Hands down, I’m way too late to the party with my backup-strategy, and I have no good explanation.

I have a NAS with OMV on it, and I’m in dire need to create an offsite-backup. I have an old Synology DS215j, which I’d be able to put into my parents home (hundreds of kilometers away).

I didn’t find the energy to research the ways of doing what I want to do. As those are two different systems, the task seems enormous to me, without knowing what to do.

I imagined, that the Synology spins up once a day/once a week, and syncs the data and appdata (two different folder-structures on my NAS), with a certain number of snapshots.

Would you mind helping me a bit, giving me ideas how to set this up? Am I able to prepare this at home, before I bring this to my parents place?

Thank you a ton!

EDIT: Thank you all for your recommendations. I will take the time to read them thoroughly!

Darkassassin07 ,
@Darkassassin07@lemmy.ca avatar

After reading this thread and a few other similar ones, I tried out BorgBackup and have been massively impressed with it’s efficiency.

Data that hasn’t changed, is stored under a different location, or otherwise is identical to what’s already stored in the backup repository (both in the backup currently being created and all historical backups) isn’t replicated. Only the information required to link that existing data to its doppelgangers is stored.

The original set of data I’ve got being backed up is around 270gb: I currently have 13 backups of it. Raw; thats 3.78tb of data. After just compression using zlib; that’s down to 1.56tb. But the incredible bit is after de-duplication (the part described in the above paragraph), the raw data stored on disk for all 13 of those backups: 67.9gb.
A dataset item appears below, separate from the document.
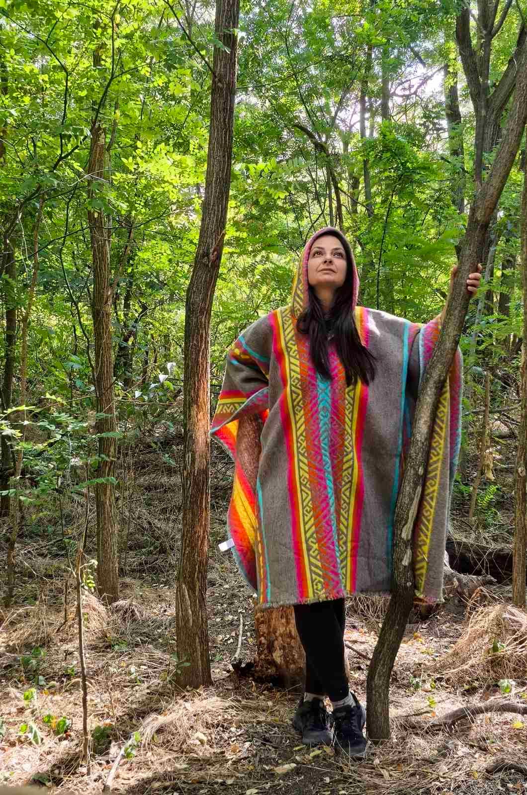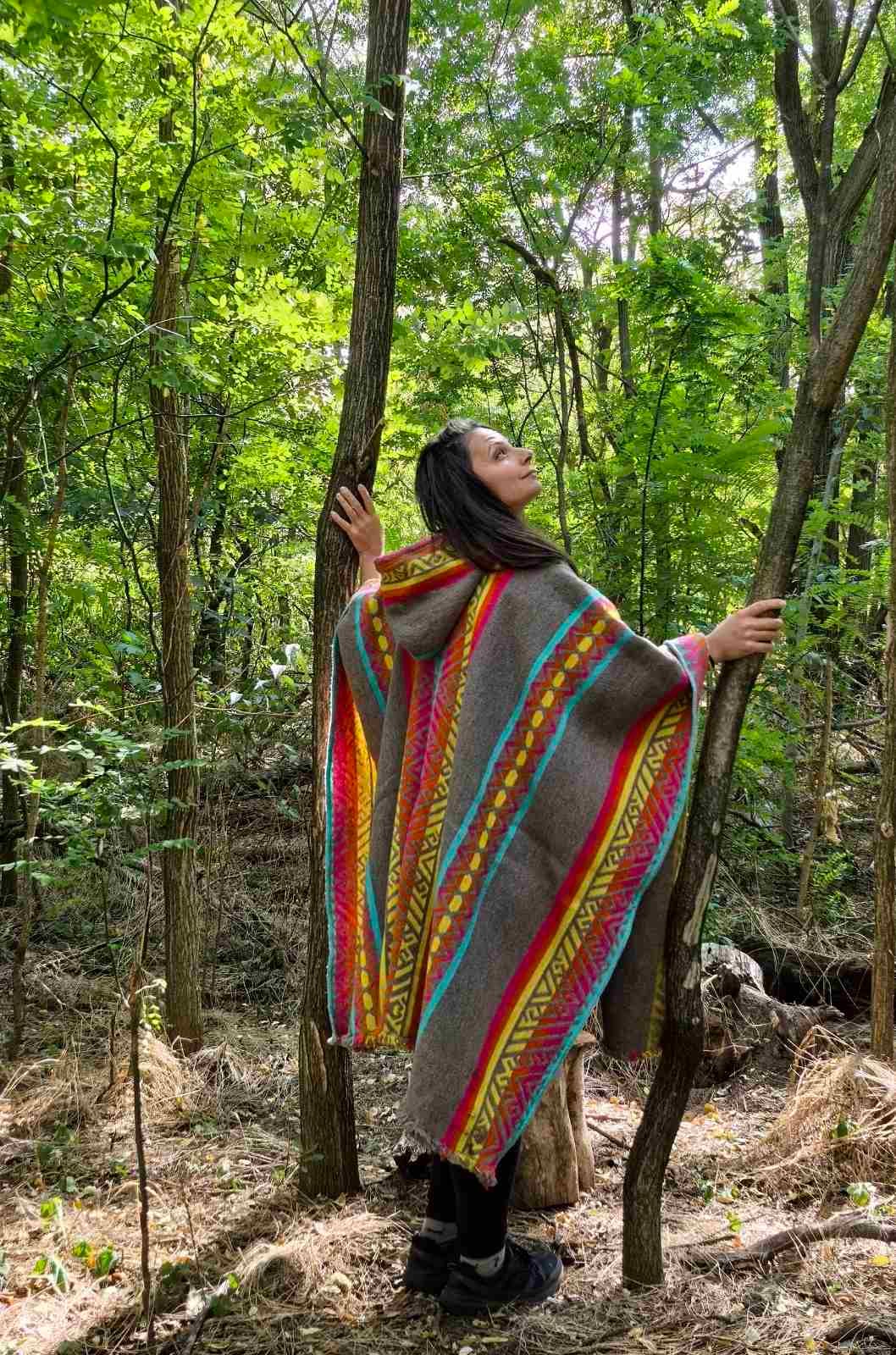 Преоткрийте топлината и уюта на естествените материали с това уникално пончо от 100% овча вълна, идваща от сърцето на Еквадорските Анди.
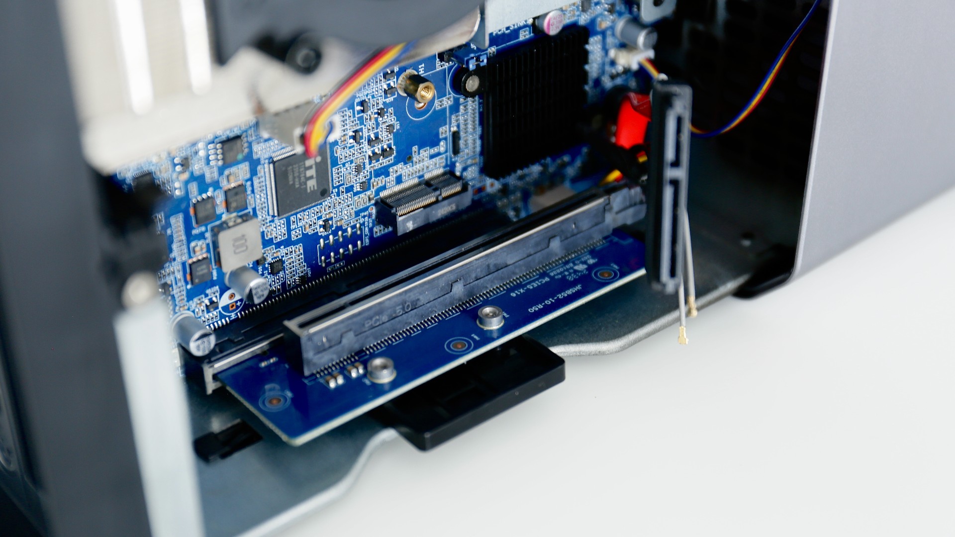 打开WA814内部,沐鸣娱乐可以看到PCle5.0 x16 高速扩展口,它的速度高达64GB/s,可以实现独立显卡、多网口、高速 SSD、多 COM 等设备的扩展。

I can mount any one of those 13 backups to the filesystem, or just extract any of 3.78tb of files directly from that backup repository of just 67.9gb of data.

possiblylinux127 ,

Think ABC

  • One backup on site
  • One backup on site on a different medium
  • One backup offsite, preferably setup in a way that doesn’t allow modification by ransomware
MalReynolds , (edited )
@MalReynolds@slrpnk.net avatar

One backup on site on a different medium

One offline backup.

Backup on a different medium is archaic advice unless you’re willing to fork $$$ out for a tape drive system. DVDs don’t cut it in the era of 20Tb HDDs. I’d argue that HDD is the only practical media currently for > 4Tb at less than enterprise scale. Backblaze might be considered a different medium I guess.

harald_im_netz OP ,

I have an HDD with… I think 4 TB laying around. What would be the best option? To just plug it into the server and leave it there?

MalReynolds ,
@MalReynolds@slrpnk.net avatar

Sure, but the point of an offline backup is to disconnect it when not in use, rendering it immune to ransomware, accidental deletions, lightning strikes etc. Plug in every week or whatever, do your backup, disconnect, sleep easy. I use an external usb hdd caddy (note that one needs a firmware update to work with bigger disks)

ptman ,

I tried to compare some backup solutions a while back: hedgedoc.ptman.name/kket4uo9RLiJRnOhkCzvWw#

harald_im_netz OP ,

Thank you, I’ve downloaded the .md for my Obsidian notes :-) Great starting point!

Decronym Bot , (edited )

Acronyms, initialisms, abbreviations, contractions, and other phrases which expand to something larger, that I’ve seen in this thread:

Fewer Letters More Letters
NAS Network-Attached Storage
UDP User Datagram Protocol, for real-time communications
VPN Virtual Private Network

3 acronyms in this thread; the most compressed thread commented on today has 7 acronyms.

[Thread for this sub, first seen 6th Mar 2024, 12:55] [FAQ] [Full list] [Contact] [Source code]

crony , (edited )
@crony@lemmy.cronyakatsuki.xyz avatar

I personally do a restic backup on my server (I have a dedicated hetzner server), and keep a backup on the server itself, and do a backup to a backblaze bucket for an offsite backup.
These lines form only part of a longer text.